The finescale triggerfish (Balistes polylepis) is one weird looking critter. According to mexfish.com, the finescale triggerfish “is characterized by its easily-recognized shape, with no distinctive markings, and a set of human-like, closely packed front teeth. It is drab in color, varying from gray to blue gray, to brownish gray. Mature specimens have bright neon blue markings on the head and edges of the fins when feeding or fighting aggressively and 'lit up.' " More scientifically speaking, according to fishbase.org: "Body compressed and deep; skin thick, with large, rectilinear, plate-like scales that are easily visible to the naked eye; mouth small; teeth strong and protruding, 8 in each jaw; dorsal fin with 3 spines and 26 to 28 rays; scales behind the gill openings larger than the neighboring scales; snout surrounded by scales."

These guys are known to inhabit rocky reef habitats, boulder covered slopes, and adjacent sandy areas in water 100 feet deep or less. That is exactly where we found them, with fish taking our flies aggressively as we retrieved them from boulder gardens out onto sand flats.
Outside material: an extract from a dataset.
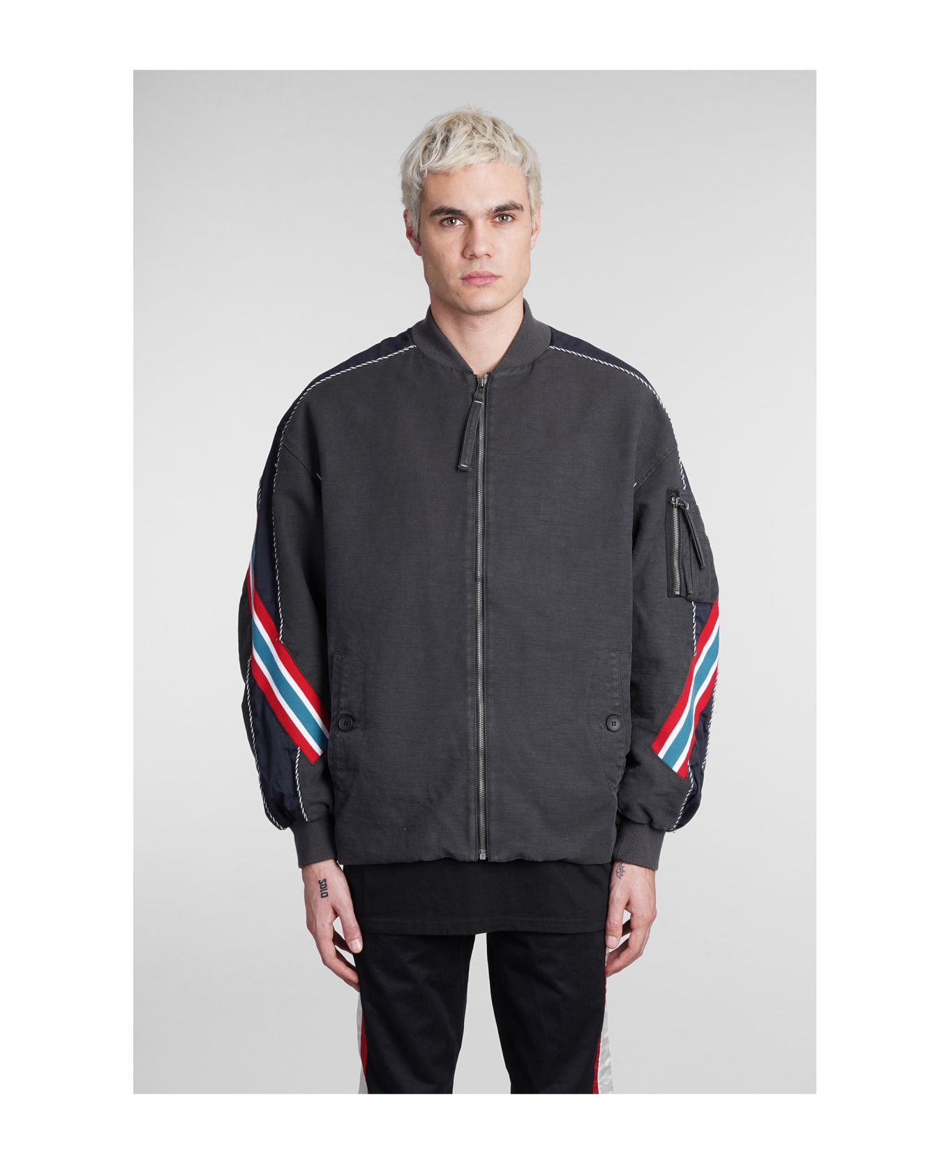 Bomber in grey polyester, zip clousure, bomber collar, elasticized cuff and bottom, pockets on side, contrasting bands, zip detail long sleeve, 100% cotton, Made in Italy

They are know to feed on sea urchins, small mollusks, and crustaceans, and must also feed some on baitfish as we caught them on both Clouser Minnow and Sea Habit type fly patterns fished down deep on sinking lines.

Mexfish.com goes on to say that the finescale triggerfish “reaches a length of approximately 20 inches and up to 7 pounds, and on light tackle might be the toughest fish pound-for-pound in the sea." I'd have a hard time totally agreeing with that statement, but only because I've had the chance to tangle with jack crevalle and Pacific amberjack, which get my vote as the toughest fighters I've met so far. The fight of the finescale triggerfish is definitely tough though: mostly bulldogging, and they use their oddly shaped body to stay down deep, but they can take some line and run too.

Perhaps the most interesting thing about triggerfish is how they get their name. The name comes from the crazy set of two dorsal spines that the fish uses to lock itself into crevices in the rocks when fleeing predators. The spines not only look like triggers, but the first, taller spine, once erect, cannot be physically pushed down flat unless the rear, smaller spine, or trigger, is pulled down and back first. When you "pull the trigger" then the front, taller spine can then be easily pushed down.

Keep casting. You never know what you might catch!